Hailed as a “massive, musical, magnificent, masterpiece” (Mark Cousins, Sight and Sound), the film is based on a real-life incident: the killing of 10 Dalits in Mumbai in 1997.
Anand Patwardhan
For thousands of years, India’s Dalits were abhorred as low-caste “untouchables”, denied education and treated as bonded labour. By 1923 Bhimrao Ambedkar had broken the taboo. He won doctorates abroad, fought for the emancipation of his people and went on to draft India’s constitution. In 1997, a statue of Dr. Ambedkar in a Dalit colony in Mumbai was desecrated. As angry residents gathered, police opened fire, leading to 10 deaths. Dalit singer and poet Vilas Ghogre hung himself in protest.
The massacre and his friend’s suicide inspired Patwardhan to create Jai Bhim Comrade (2011, 185 min). Fourteen years in the making, the documentary incorporates the resistance poetry and music of activists like Ghogre to investigate the systemic political oppression and widespread violence against the Dalit people, interwoven with poignant, intimate portraits of the day-to-day life of a group of Dalit families.
Jai Bhim Comrade won best film at the Mumbai International Film Festival and Film Southasia in Kathmandu, Nepal; best documentary at the Hong Kong International Film Festival; and the President’s Silver Medal jury award at India’s National Film Awards. It made its Canadian premiere at Toronto’s Hot Docs Festival in 2012.
Following the screening, York film Professor Ali Kazimi – a noted documentarian in his own right – will moderate an audience Q&A with Patwardhan.
“We’re thrilled to host a filmmaker of Anand’s calibre and to have the opportunity to show his remarkable, deeply moving film Jai Bhim Comrade on campus,” said Kazimi. “Anand’s documentary subjects are challenging and he frequently struggles against a system that attempts to silence him through censorship. This screening and his talk are a must-see for anyone interested in India and human rights, and in experiencing the power of socially committed documentary filmmaking.”
Later the same day, DOC Toronto will host Patwardhan in conversation with Kazimi downtown at Camera Bar as part of its Masters’ Series Class. Patwardhan will use examples from films shot over the course of his 30-year career to discuss his creative process as a director, cinematographer and editor; censorship and social issue filmmaking; and the filmmaker-subject relationship.

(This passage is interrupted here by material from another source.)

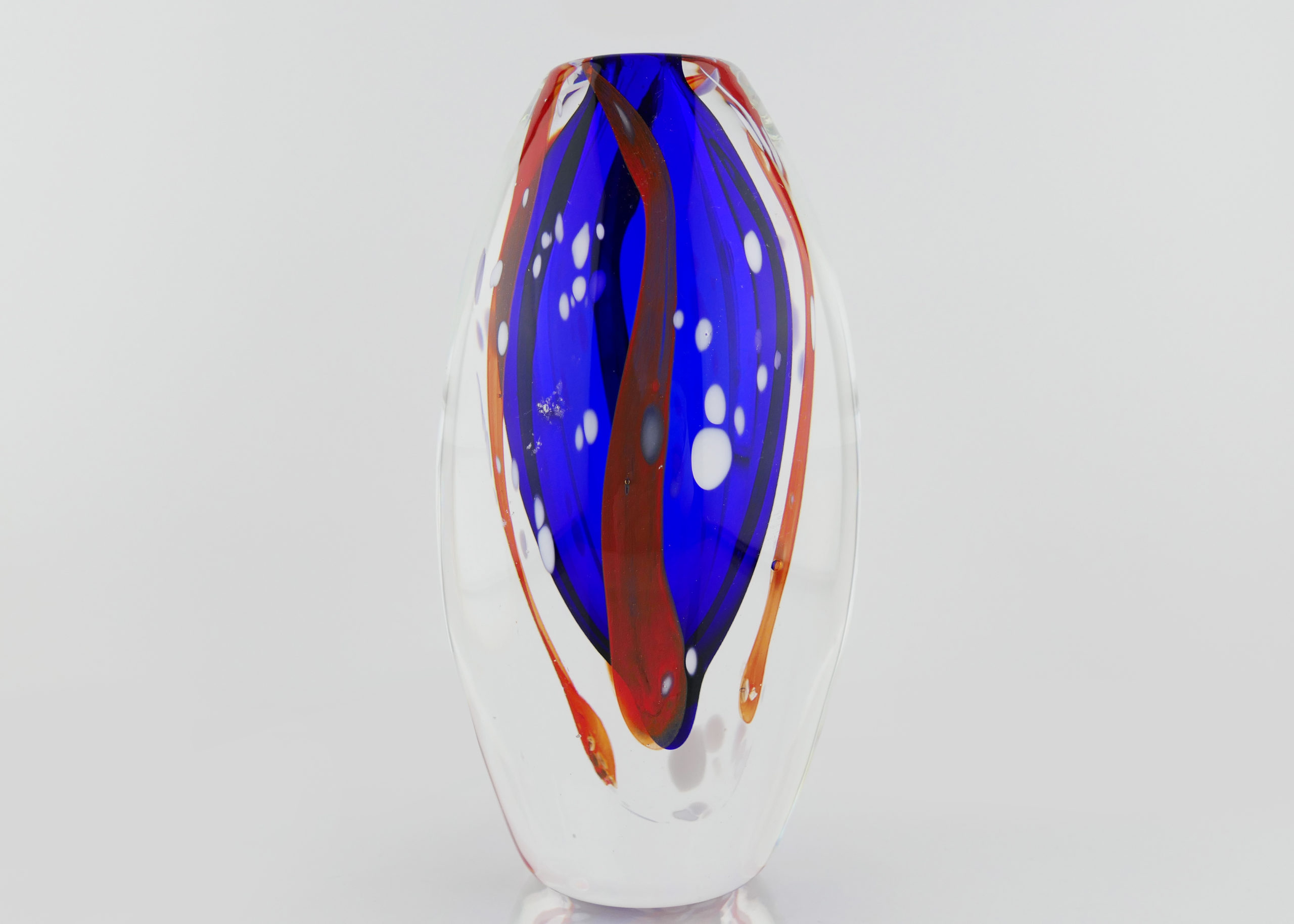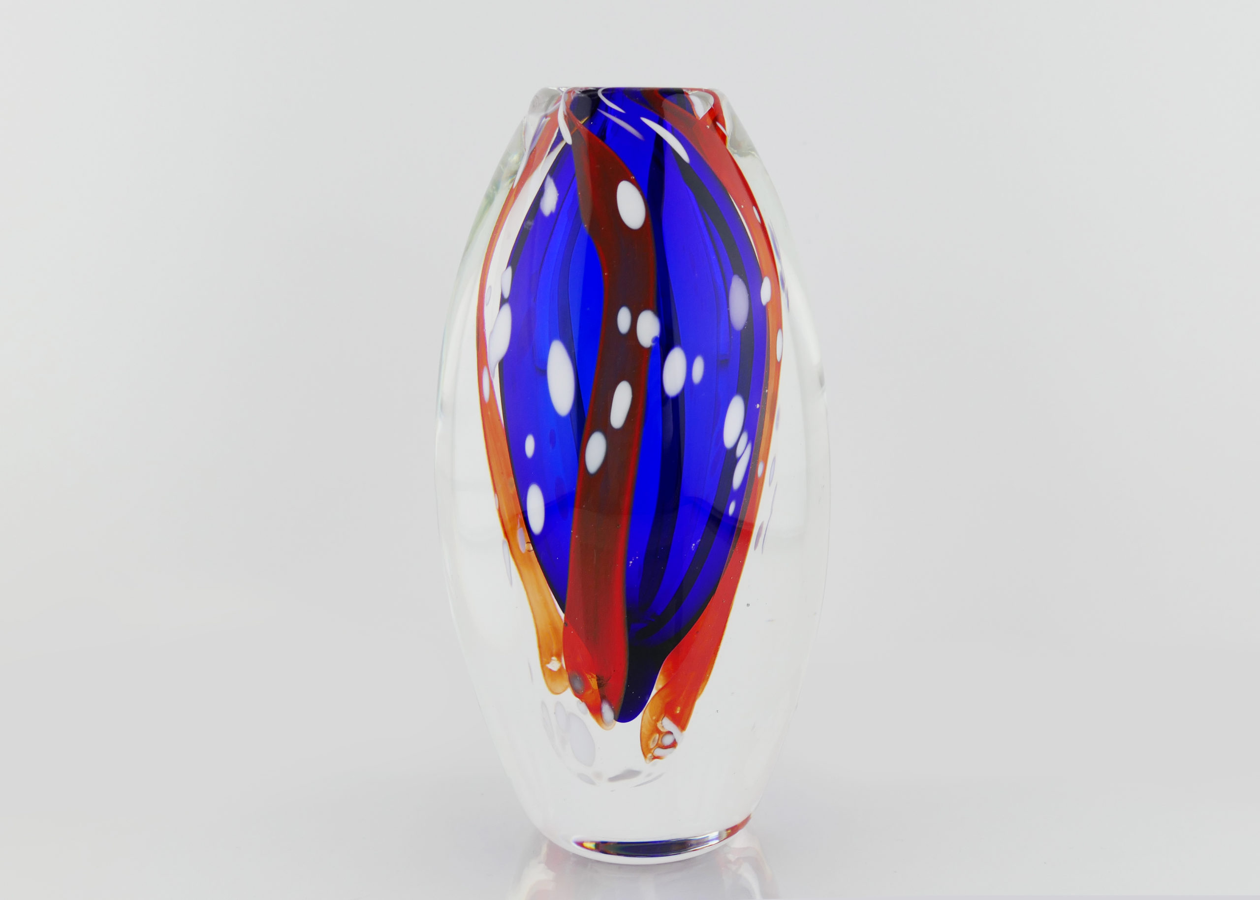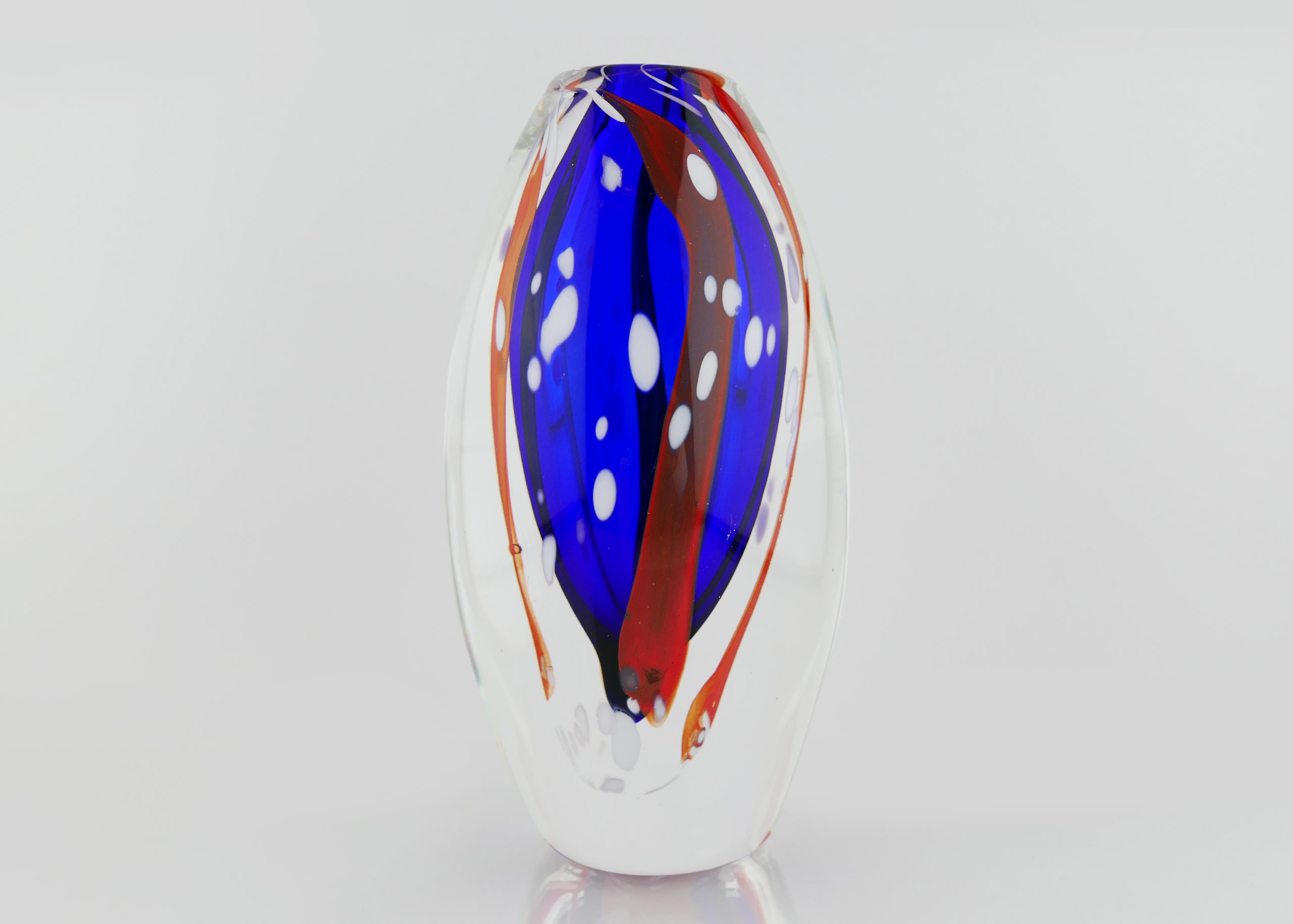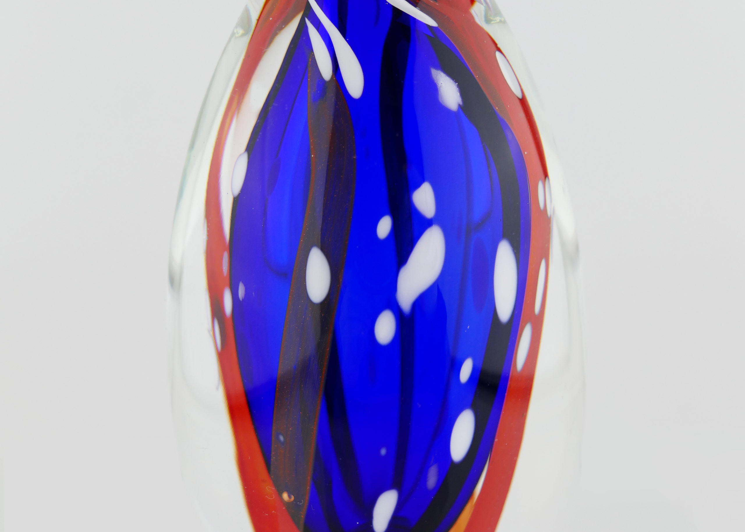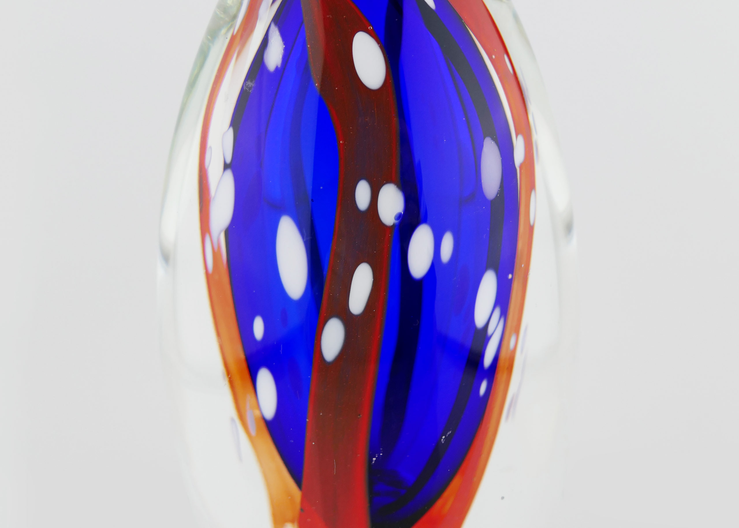 Pièce unique "Berlingo" en verre soufflé bouche, formée à main levée, décors Bleu Intense, Inclusions cordons Rouge, grains Blanc.
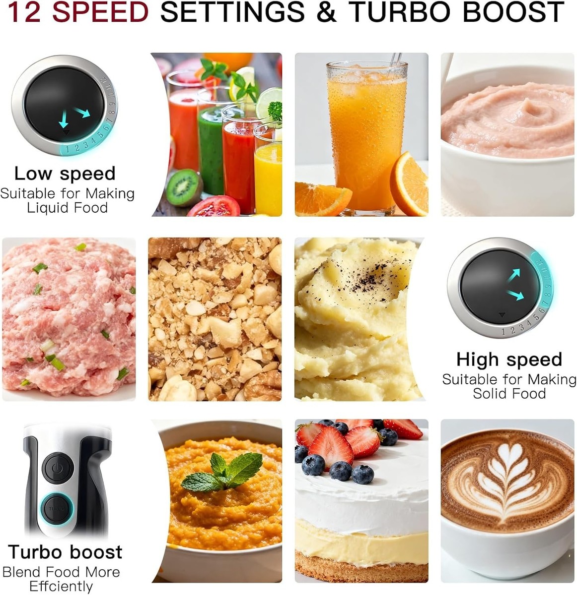 Versatile 12-Speed Immersion Blender Set - Blends, Whips, Froths Effortlessly

Recently honoured with a retrospective by the British Film Institute, Patwardhan is known for his activism through social action documentaries on topics that are at the crux of social and political life in India, including corruption, slum dwellers, nuclear arms, citizen activism and communalism. Many of his films were at one time or another banned by state television channels in India and became the subject of litigation by Patwardhan, who successfully challenged the censorship rulings in court.
A scene from Jai Bhim Comrade
Patwardhan’s visit is made possible by The Shan and Jaya Chandrasekar Visiting Artist/Scholar Residency. The residency program was established in York’s Faculty of Fine Arts by Shan Chandrasekar, the founder, president and CEO and Jaya Chandrasekar, executive vice-president and vice-president, programming, of Asian Television Network International Ltd.